今週のTFP的おすすめ映画
TFP的
おすすめ映画
「今、観るべき」「今からでも観れる」映画を月替わりでご紹介。東京都心で公開中の映画を中心に、
The Fashion Post (ザ・ファッションポスト) 編集部おすすめの作品を、大型シネコンからミニシアターまでセレクト (毎週火曜更新)。
4/2026
『これって生きてる?』
©2025 Searchlight Pictures. All Rights Reserved.
『アリー スター誕生』『マエストロ その音楽と愛と』で俳優のみならず監督としても高く評価された Bradley Cooper (ブラッドリー・クーパー) 監督の長編第3作で、自身の友人の実話を題材に、リアルなニューヨークに生きる夫婦の愛と人生を繊細かつエモーショナルに描いた人間ドラマ。アレックスとテスの夫婦は2人の子どもにも恵まれ、順調な人生を歩んできた。しかし中年にさしかかり、これまで置き去りにしてきたそれぞれの夢が、ふたりの結婚生活を終わりへと向かわせる。失意のなか、ニューヨークの街で何気なく訪れたコメディクラブで偶然舞台に立ったアレックスは、夫婦の赤裸々な関係を笑いに変え、新しい生きがいを見出していく。

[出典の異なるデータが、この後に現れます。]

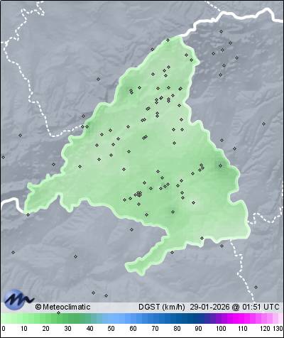 | Actualizado: 00:28 UTC | 3,1°C 91% | 3,5 °C / 91% | | 3,1°C / 88% | | Calma | | 2 km/h | | 0,2 mm |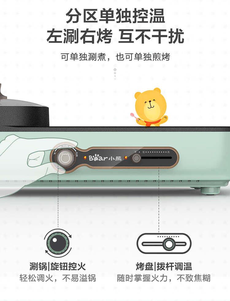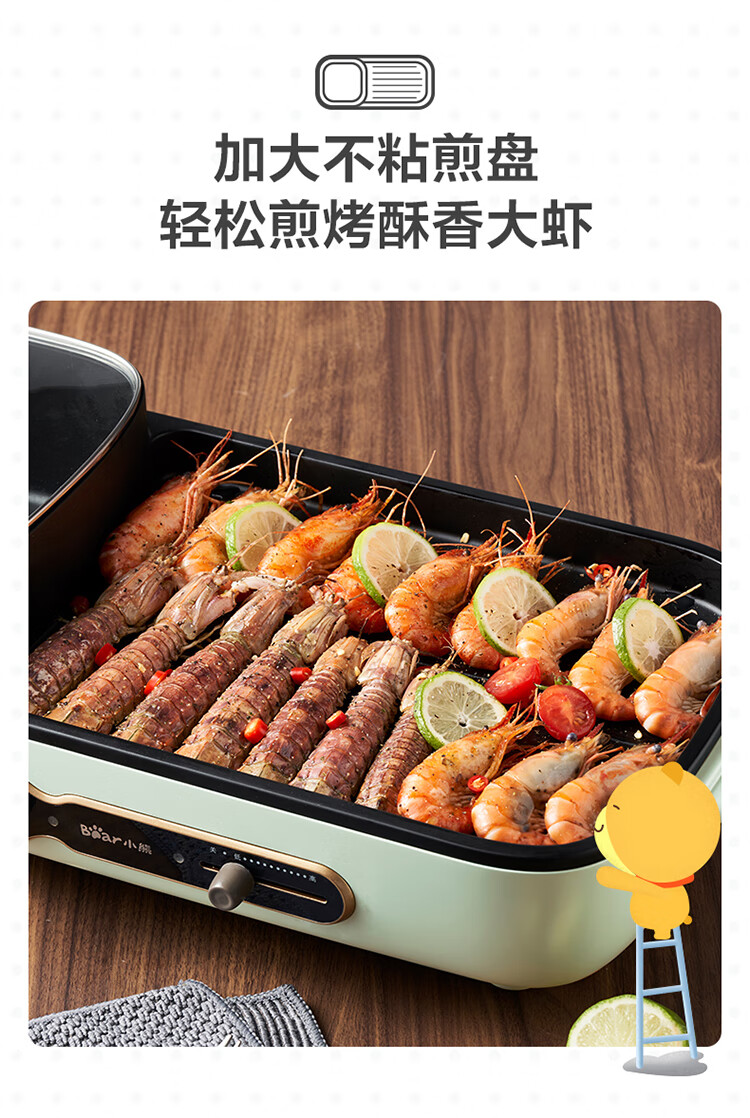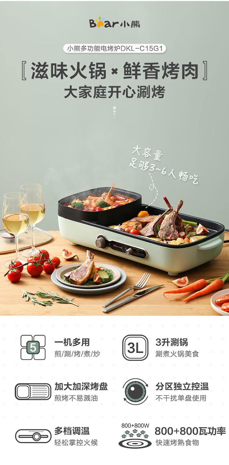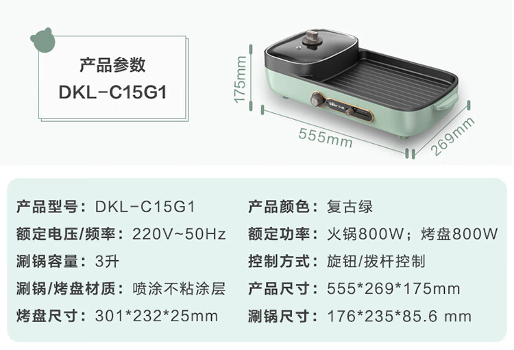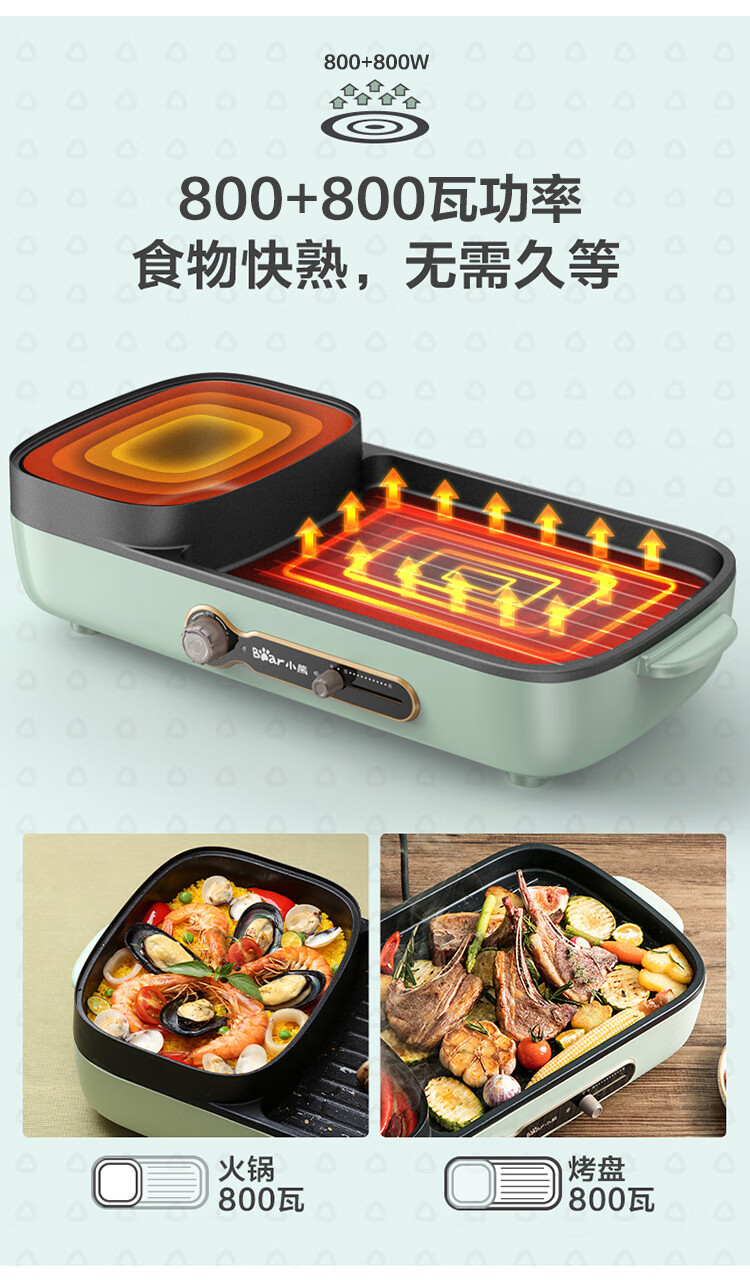 小熊多功能锅 家用电烧烤炉料理电火锅 无烟烤肉机烤涮一体锅 DKL-C15G1 复古绿

『俺たちフィギュアスケーター』の Will Arnett (ウィル・アーネット) が主人公アレックス、『ワイルド・アット・ハート』の Laura Dern (ローラ・ダーン) が妻テスを演じ、『ザ・ユナイテッド・ステイツvs.ビリー・ホリデイ』など俳優としても活躍する歌手 Andra Day (アンドラ・デイ) などが共演。冷めきった夫婦の危機を痛快に描いたこの愛と再生の物語を、ぜひ劇場にて見届けてほしい。
公開日: 4月17日(金)
監督: Bradley Cooper
出演: Will Arnett、Laura Dern、Andra Day
HP: www.searchlightpictures.jp/movies/isthisthingon
『海辺の恋』
©1965 Films Galilée
「忘れ去られたヌーベルバーグの名匠」として再評価が進む Guy Gilles (ギイ・ジル) 監督が1963年に発表した長編デビュー作。若者たちのはかない愛をつづった自伝的作品が日本にて公開される。夏の海辺で愛を確かめ合うジュヌヴィエーヴと水兵ダニエル。しかしバカンスが終わると、彼は港町ブレストへ、彼女はパリへと戻っていく。ふたりは再会を願い、手紙をつづり続けるが、そこにアルジェリア戦争から帰還したもう1人の水兵ギイが加わり、3人の思いは静かに交錯していく。主演の Daniel Moosmann (ダニエル・ムースマン)、Genevieve Thenier (ジュヌヴィエーヴ・テニエ) に加え、水兵ギイ役で Guy Gilles 監督が自ら出演。Jean-Pierre Leaud (ジャン=ピエール・レオ)、Jean-Claude Brialy (ジャン=クロード・ブリアリ) などの名優たちが脇を固めた。60年代のフランスから届いた、儚くも美しいロマンス映画が、現代のスクリーンに蘇る。
公開日: 4月18日(土)
監督: Guy Gilles
出演: Daniel Moosmann、Genevieve Thenier、Guy Gilles
HP: guy.crepuscule-films.com
『今日からぼくが村の映画館』
©Casablanca Cine 2019
南米ペルーの雄大なアンデス山脈に囲まれた小さな村を舞台に、映画に魅せられた少年の成長をつづったドラマ。本作が長編映画第2作となる Cesar Galindo (セサル・ガリンド) 監督がメガホンをとり、ペルーの教育制度の現実やアンデス高地地域の軽視、多文化国家における差別意識、内戦の傷跡といったテーマを温かい物語の中に描き出す。新学期を迎えた日、アンデスの小さな村に住む好奇心旺盛な少年シストゥは、風に運ばれてきた映画の広告を手にする。導かれるままに移動映画館にたどり着いた彼は、そこで初めて映画というものを知り、瞬く間にその物語に魅了される。この日を境に、シストゥは週に一度の語り部として、観た映画の内容を村人たちに伝えるようになる。ところがある日、移動映画館がこつ然と姿を消してしまい、事態は思わぬ方向へと転がっていく。主人公シストゥ役に抜擢された Víctor Acurio (ビクトル・アクリオ) をはじめ、キャストの多くに非職業俳優を起用。劇中ではペルーの公用語のひとつであるケチュア語が使用され、ケチュア語映画としてペルー映画史上最高の興行収入を記録した。これを機に、誰もが胸の奥にしまっている、映画と出会ったあの日の記憶をそっと呼び覚ます。
公開日: 4月17日(金)
監督: Cesar Galindo
出演: Víctor Acurio、Hermelinda Lujan (エルメリンダ・ルハン)、Melissa Alvarez (メリーサ・アルバレス)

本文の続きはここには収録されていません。